Task description
Repeat only the lines below that run from the line with "For Jessica og" to the line with "Description: Blast white", ends included; skip every picture.

Data excerpts
=== Section Start ===
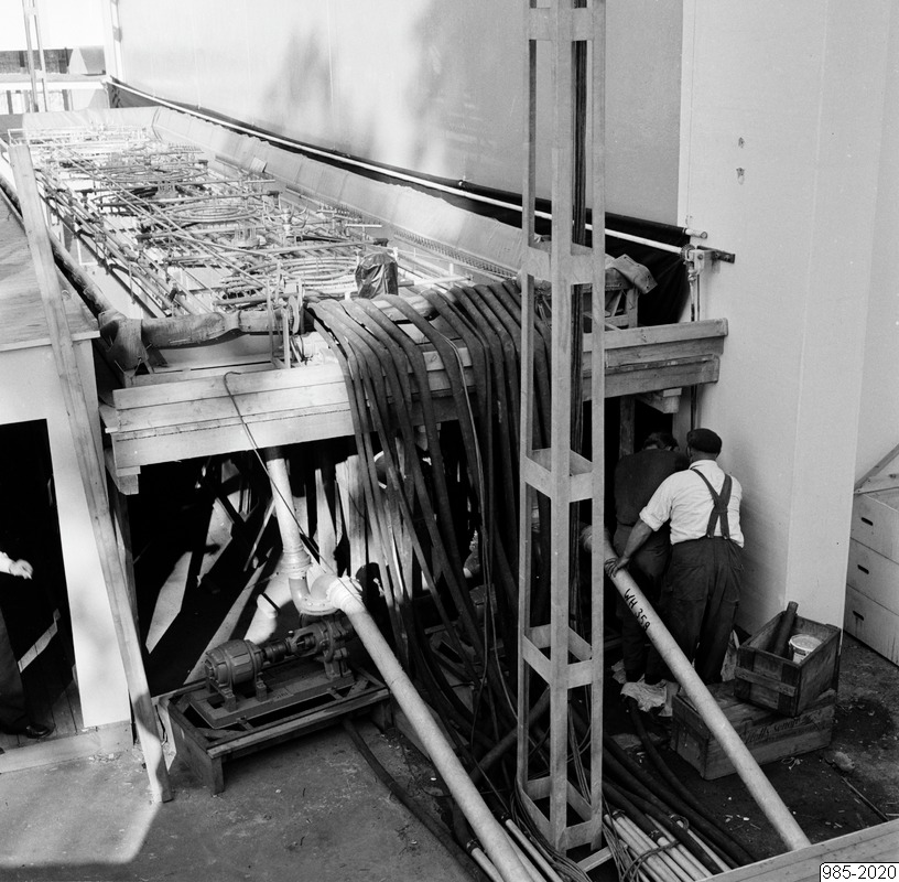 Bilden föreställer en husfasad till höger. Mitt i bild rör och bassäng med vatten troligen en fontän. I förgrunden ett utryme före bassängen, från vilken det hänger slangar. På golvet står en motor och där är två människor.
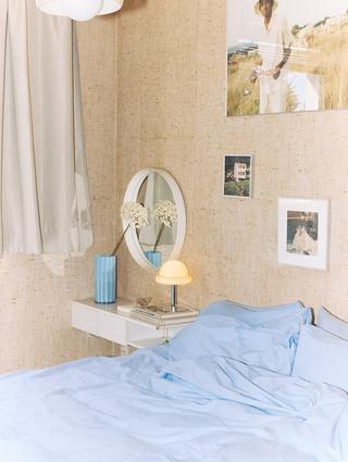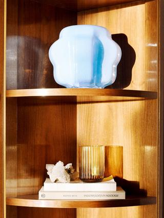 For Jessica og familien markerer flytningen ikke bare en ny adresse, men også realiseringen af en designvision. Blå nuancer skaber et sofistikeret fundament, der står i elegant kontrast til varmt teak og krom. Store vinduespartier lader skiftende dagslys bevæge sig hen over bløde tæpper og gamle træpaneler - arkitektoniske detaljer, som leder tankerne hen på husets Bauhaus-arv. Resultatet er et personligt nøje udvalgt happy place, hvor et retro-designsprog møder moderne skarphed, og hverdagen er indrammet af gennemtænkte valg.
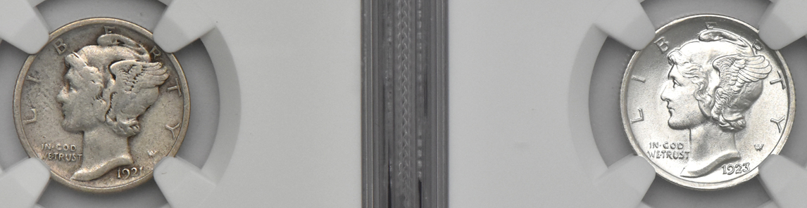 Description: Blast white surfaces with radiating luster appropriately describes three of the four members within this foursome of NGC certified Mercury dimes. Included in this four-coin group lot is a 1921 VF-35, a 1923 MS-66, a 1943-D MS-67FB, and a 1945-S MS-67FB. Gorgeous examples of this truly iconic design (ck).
=== Section End ===
=== Section Start ===
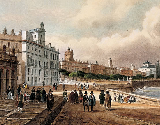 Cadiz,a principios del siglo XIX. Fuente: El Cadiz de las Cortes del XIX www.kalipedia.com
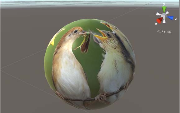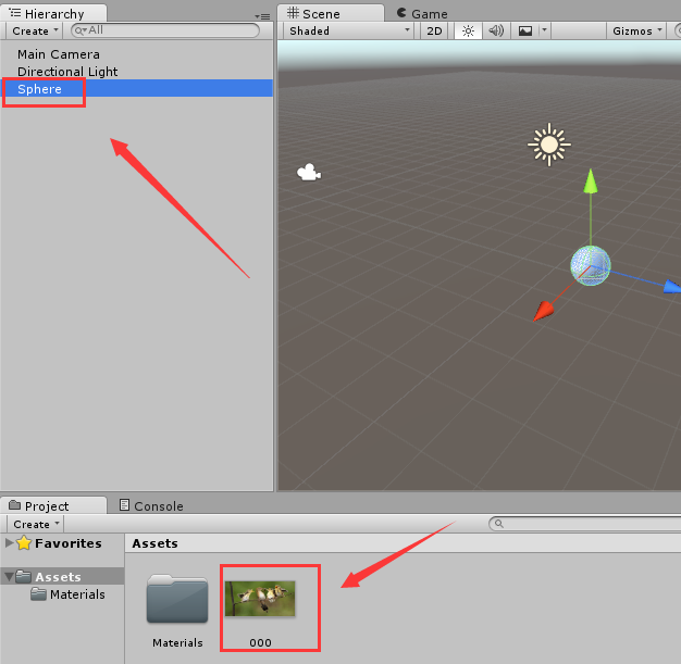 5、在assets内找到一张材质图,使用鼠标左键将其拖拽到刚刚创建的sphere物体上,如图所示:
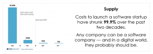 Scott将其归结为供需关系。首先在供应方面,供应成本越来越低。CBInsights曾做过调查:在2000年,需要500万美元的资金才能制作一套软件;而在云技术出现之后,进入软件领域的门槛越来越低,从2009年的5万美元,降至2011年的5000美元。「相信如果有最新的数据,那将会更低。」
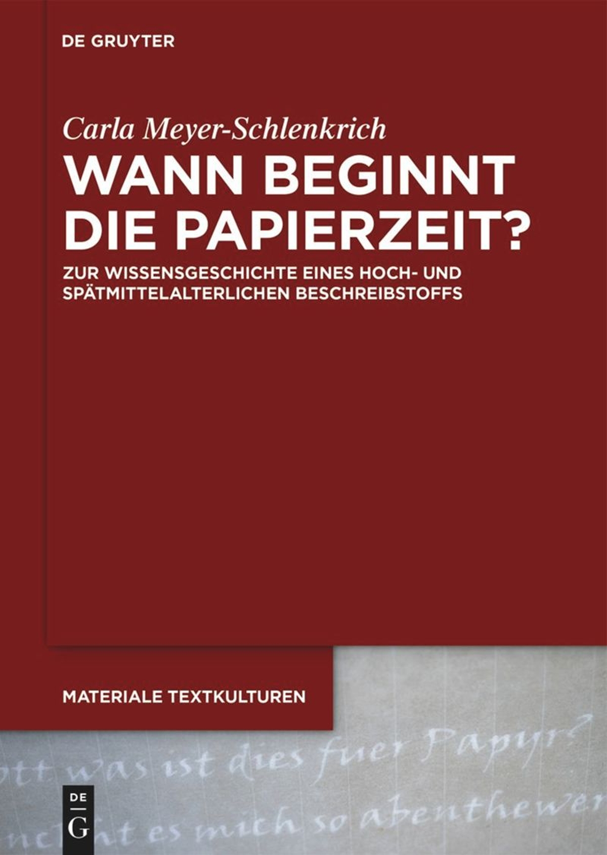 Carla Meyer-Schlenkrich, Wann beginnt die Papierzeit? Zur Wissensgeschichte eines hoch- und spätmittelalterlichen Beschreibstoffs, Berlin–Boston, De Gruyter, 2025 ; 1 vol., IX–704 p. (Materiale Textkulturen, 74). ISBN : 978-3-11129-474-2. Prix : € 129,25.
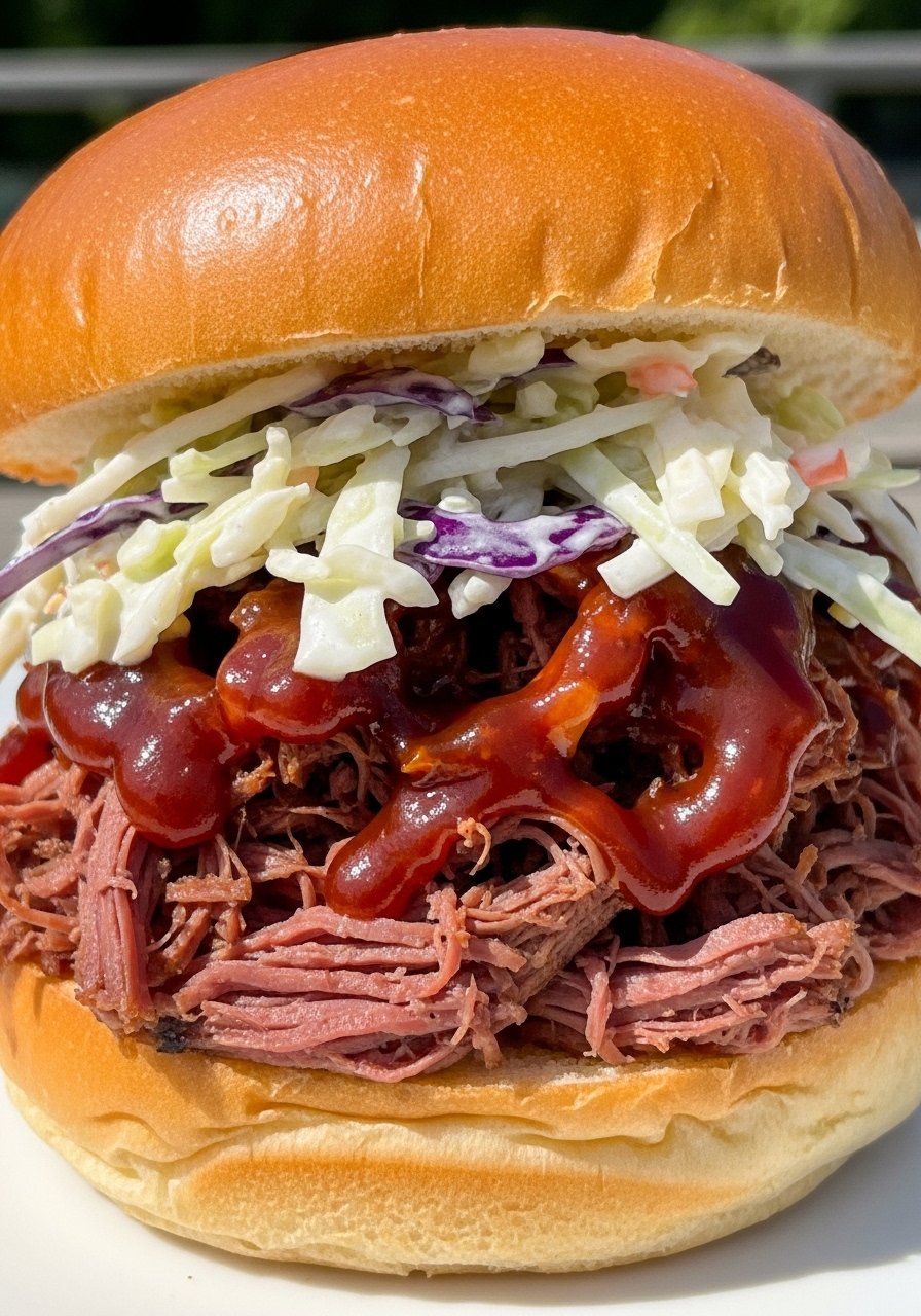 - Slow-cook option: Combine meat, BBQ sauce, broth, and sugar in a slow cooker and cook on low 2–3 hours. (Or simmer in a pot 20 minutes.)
=== Section End ===
Exercise result
 For Jessica og familien markerer flytningen ikke bare en ny adresse, men også realiseringen af en designvision. Blå nuancer skaber et sofistikeret fundament, der står i elegant kontrast til varmt teak og krom. Store vinduespartier lader skiftende dagslys bevæge sig hen over bløde tæpper og gamle træpaneler - arkitektoniske detaljer, som leder tankerne hen på husets Bauhaus-arv. Resultatet er et personligt nøje udvalgt happy place, hvor et retro-designsprog møder moderne skarphed, og hverdagen er indrammet af gennemtænkte valg.
 Description: Blast white surfaces with radiating luster appropriately describes three of the four members within this foursome of NGC certified Mercury dimes. Included in this four-coin group lot is a 1921 VF-35, a 1923 MS-66, a 1943-D MS-67FB, and a 1945-S MS-67FB. Gorgeous examples of this truly iconic design (ck).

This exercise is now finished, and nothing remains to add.